Devenir technique : les consommateurs plus jeunes comprennent mieux certains concepts

Les consommateurs sont mal informés et ne comprennent pas certains termes importants relatifs aux aliments et à la nutrition. Environ un quart seulement (23%) des consommateurs comprennent la «densité nutritionnelle», qui désigne les aliments contenant une plus grande proportion d’éléments nutritifs et moins de calories «vides». Près de trois sur cinq (58%) n’ont même pas entendu parler de ce terme. En général, les consommateurs plus jeunes ont déclaré avoir une compréhension et une connaissance bien meilleures de la densité nutritionnelle que les plus âgés (34% des 18 à 34 ans le comprennent, contre seulement 9% des 65 ans et plus).
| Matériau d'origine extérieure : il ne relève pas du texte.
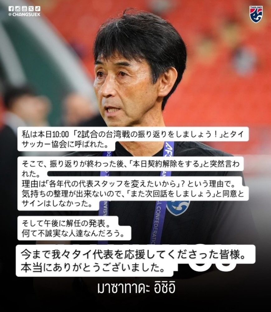 ความคืบหน้าหลังจากที่ มาซาทาดะ อิชิอิ ที่เพิ่งกลายเป็นกุนซือทีมชาติไทย หลังโดนคณะบริหารด้านฝ่ายเทคนิคของ สมาคมกีฬาฟุตบอลฯ นำโดย "โค้ชหรั่ง" ดร.ชาญวิทย์ ผลชีวิน อุปนายกสมาคมฯ และ "เดอะตุ๊ก" ปิยะพงษ์ ผิวอ่อน สภากรรมการ ทำการประเดิมผลงานในการทำหน้าที่คุมทัพ "ช้างศึก" ว่ายังไม่ดีพอ
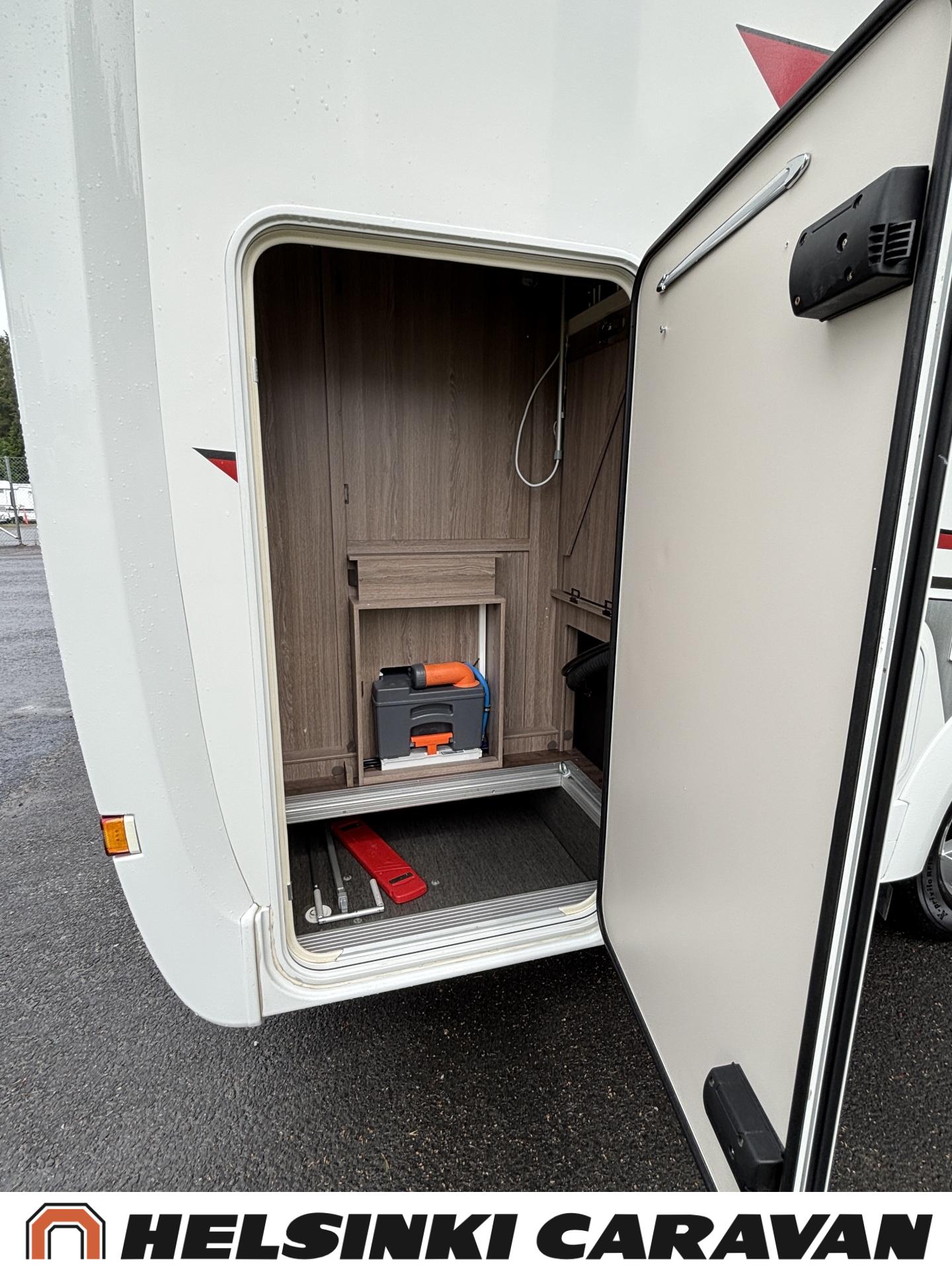 ABS-jarrut, Airbag, Ajotietokone, Alde, Erikoisvanteet, Ilmastointi: Manuaalinen, Ilmastointi ajotilassa, Erillisvuoteet, Eristetty harmaavesisäiliö, Kasetti WC, Jääkaappi, Kasettiverhot, Kattoluukku, Lattiamatot asunto-osassa, Liesi, Lattialämmitys, Käynnistyksenesto, Keskuslämmitys, Keskuslukitus: Kaukosäätöinen, Lohkolämmitin, Lämminvesiboileri, Markiisi, Mikroaaltouuni, Nestekiertolämmitys, Ohjaustehostin, Pakastelokero, Radio, Pysäköintikamera, Suihku, Sähkökäyttöiset ikkunat, Sähköpatruuna, Sähköpeilit, Turbo, Vakionopeudensäädin, Aggregaatti
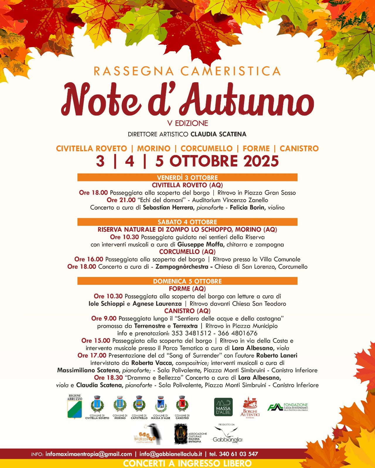 In allegato la locandina della V edizione di Rassegna Cameristica Note d'Autunno
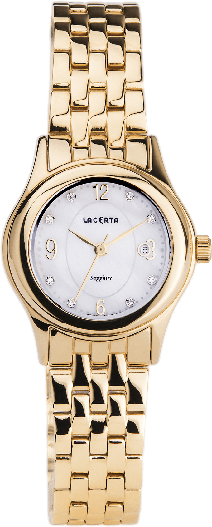 Šperkové hodinky Lacerta tvoří špičku nabídky náramkových hodinek firmy JVD, jak po stránce kvality, tak po stránce vlastní tvořivosti. Základem je opět nerezová ocel, safírové sklo na všech modelech a nejkvalitnější švýcarský strojek značky RONDA. Zdobení pravými zirkony v číselníku, které nejsou lepené, ale pasované. Vše je prvotřídně zpracováno a v té nejvyšší kvalitě.
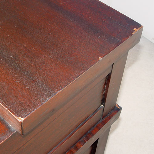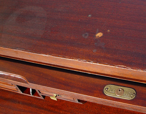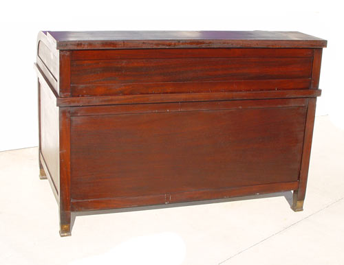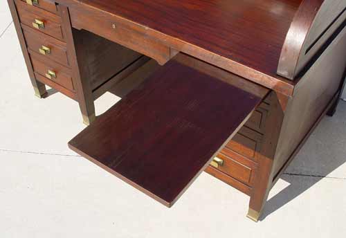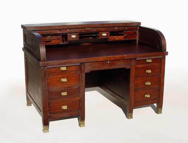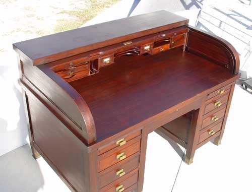 LARGE MAHOGANY ''C'' ROLL TOP CLEMCO DESK: The Clemetson Co. Chicago Executive desk with C roll top, interior drawers and cubicles. Drawers fitted with adjustable dividers, one with card size file. One legal size drawer. Slightly alligatored finish. 42''h. x 60'' x 38''.
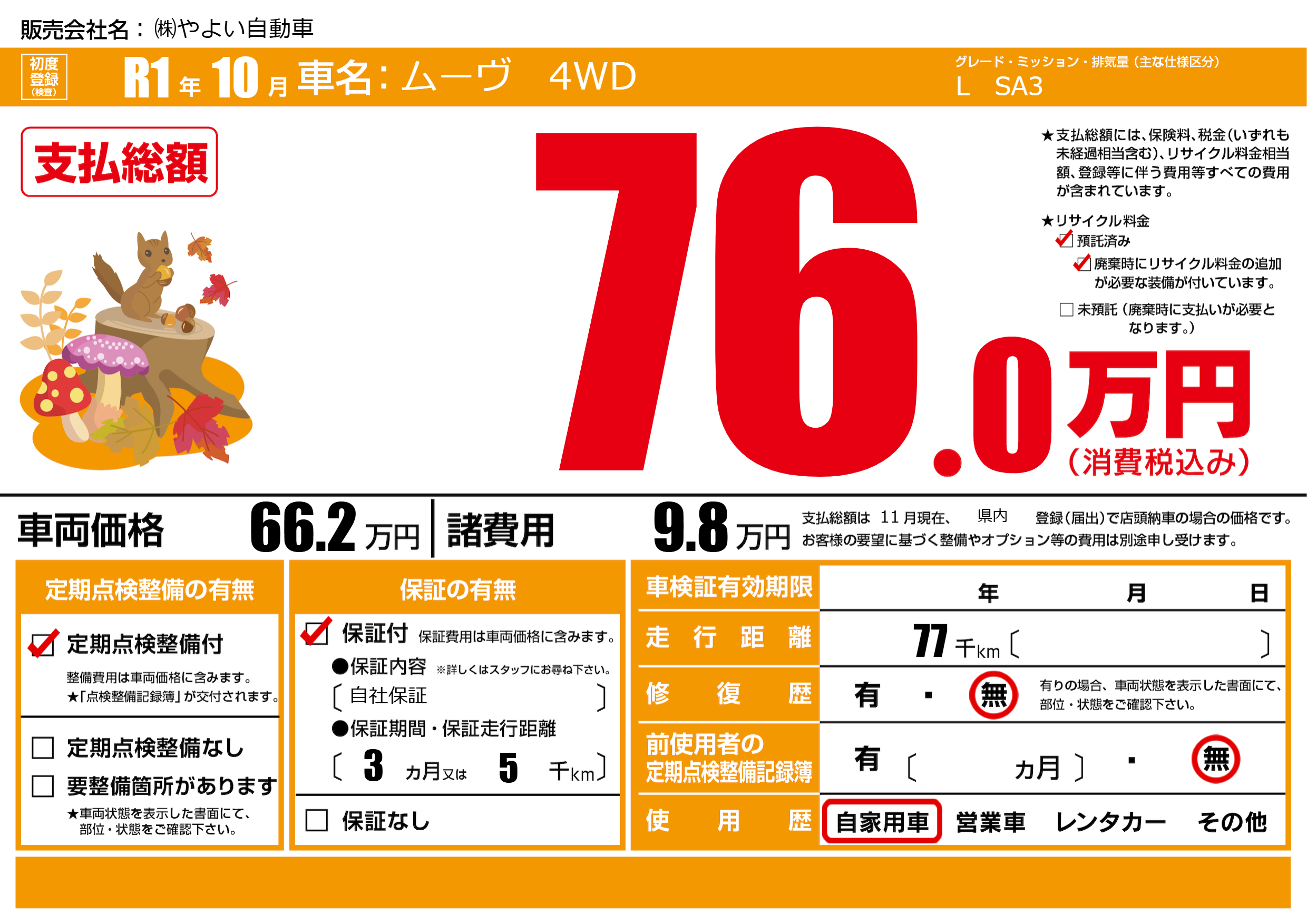 | 車名 | ムーヴ 4WD | グレード ミッション 排気量 |
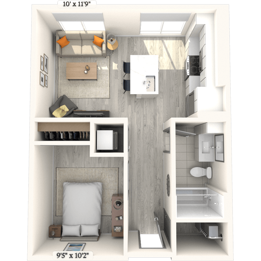 Apartment Model: Studio E1 0x1 588 SFFrom $1,718Studio, 1 Bath, 588 sq ftAvailable Now![]()
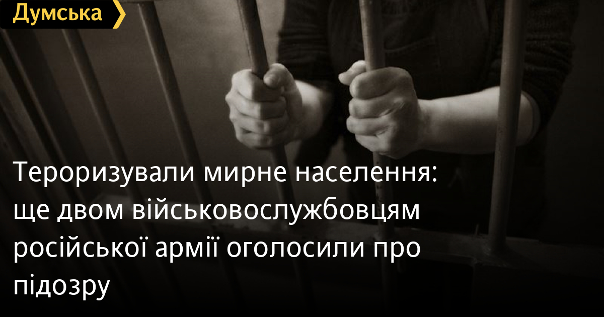 Тероризували мирне населення: ще двом військовослужбовцям російської армії оголосили про підозруДвом військовослужбовцям армії рф повідомлено про підозру у порушенні законів та звичаїв війни. Про це повідомляє Офіс генпрокурора. За даними слідства, підозрювані вчиняли злочини на території селищ Бородянка та Макарів Бучанського району Київської області під час тимчасової окупації населених пунктів. Вони застосовували до цивільного населення тортури, мордування, образливе, принижуюче та жорстоке поводження, тероризуючи мирне населення, вчиняли мародерство та неодноразово здійснювали обстріли житлових будинків і об’єктів цивільної інфраструктури, які не є військовими цілями та не використовувались для військових потреб. СМЕРТЬ РОСІЙСЬКИМ ОКУПАНТАМ! Помітили помилку? Виділяйте слова з помилкою та натискайте control-enter |
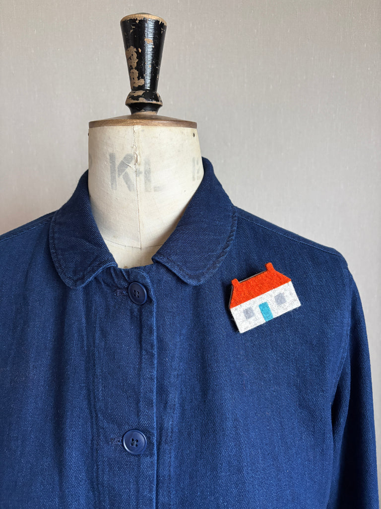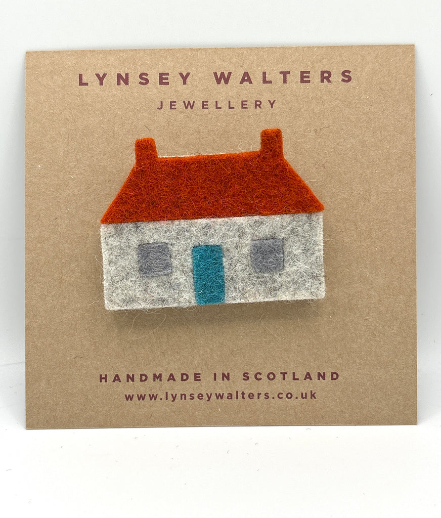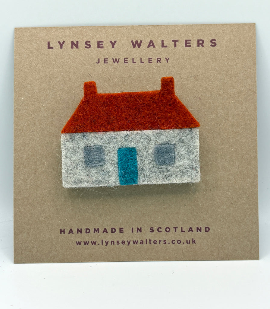 It's a sweet little croft cottage inspire by the East Neuk fishing cottages near wear I live, it looks great on a coat or jacket or your favourite knitwear .
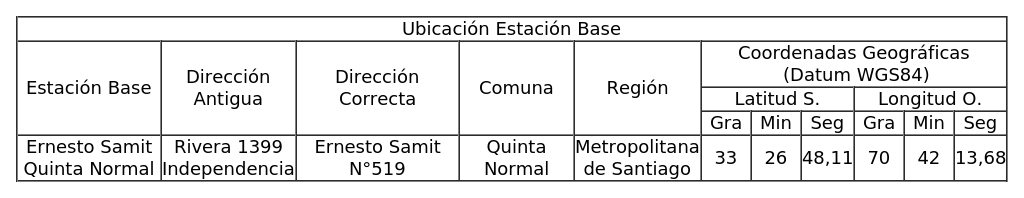 1. Según Ingreso Subtel N°105.424 de 2025: Autorízase a la concesionaria para rectificar la dirección de una (1) Estación Base autorizada mediante decreto supremo del literal d) de los Vistos, como se indica a continuación.

«Agriculture régénérative» (systèmes agricoles qui augmentent la biodiversité et améliorent les écosystèmes) est un autre terme peu familier : moins du quart (22%) des consommateurs en ont entendu parler, mais plus de la moitié (55%) souhaitent en apprendre davantage. . Semblable à la densité nutritionnelle, la sensibilisation à l’agriculture régénérative était plus grande chez les jeunes que chez les plus âgés (34% des 18-24 ans avaient entendu le terme contre 13% âgés de 65 ans et plus).

Confiance dans les marques et familiarité avec les ingrédients

L’Enquête de 2019 a interrogé les consommateurs sur deux nouveaux facteurs qui influent sur les achats d’aliments et de boissons – la confiance dans une marque et la reconnaissance des ingrédients entrant dans un produit – et il s’avère que les deux jouent un rôle important en tant que facteurs d’achat. La confiance dans une marque a eu un impact majeur sur les décisions d’achat de 30% des consommateurs (70% ont déclaré que cela avait au moins un impact), à peine 33% du prix (33%) (68% indiquant que le prix avait au moins un impact). Fait intéressant, la confiance dans une marque a touché beaucoup plus de consommateurs âgés de 65 ans et plus (85%) que de consommateurs plus jeunes (66%). Dans le même temps, près des deux tiers (63%) des consommateurs ont déclaré que le fait de reconnaître que les ingrédients entrant dans un produit avaient au moins un impact sur leurs décisions d’achat.

Méthodologie

Les résultats sont issus d’un sondage en ligne mené auprès de 1 012 Américains âgés de 18 à 80 ans, menée du 22 mars au 9 avril 2019. Les résultats ont été pondérés de manière à refléter la population américaine, comme le montre l’enquête sur la population de 2018. Plus précisément, ils ont été pondérés par l’âge, le niveau d’éducation, le sexe, la race / ethnie et la région. L’enquête a été menée par Greenwald & Associates, à l’aide du panel de consommateurs de Dynata (anciennement connu sous le nom de ResearchNow).